**Given data**

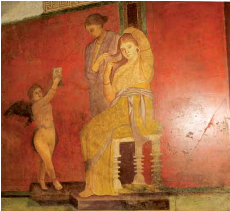
პომპეის მისტერიების ვილის კედლის მხატვრობის ფრაგმენტი
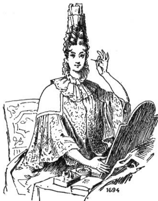
Fig. 78 Peignoir, Madame de Dangeau à sa toilette.
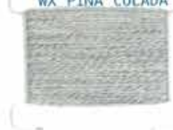
WX PINA COLADA
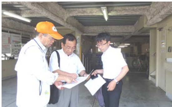
管理人がいる東駐車場で話を聞く。定期の新規申し込みは別の管理事務所でやっているため巡回する余裕がある。場内案内看板はすべて定期置き場になっているが、利用規定は1回利用がある。

**Problem description**
For the material above, give every line again exactly and leave out the pictures.

**Answer for the task**
პომპეის მისტერიების ვილის კედლის მხატვრობის ფრაგმენტი
Fig. 78 Peignoir, Madame de Dangeau à sa toilette.
WX PINA COLADA
管理人がいる東駐車場で話を聞く。定期の新規申し込みは別の管理事務所でやっているため巡回する余裕がある。場内案内看板はすべて定期置き場になっているが、利用規定は1回利用がある。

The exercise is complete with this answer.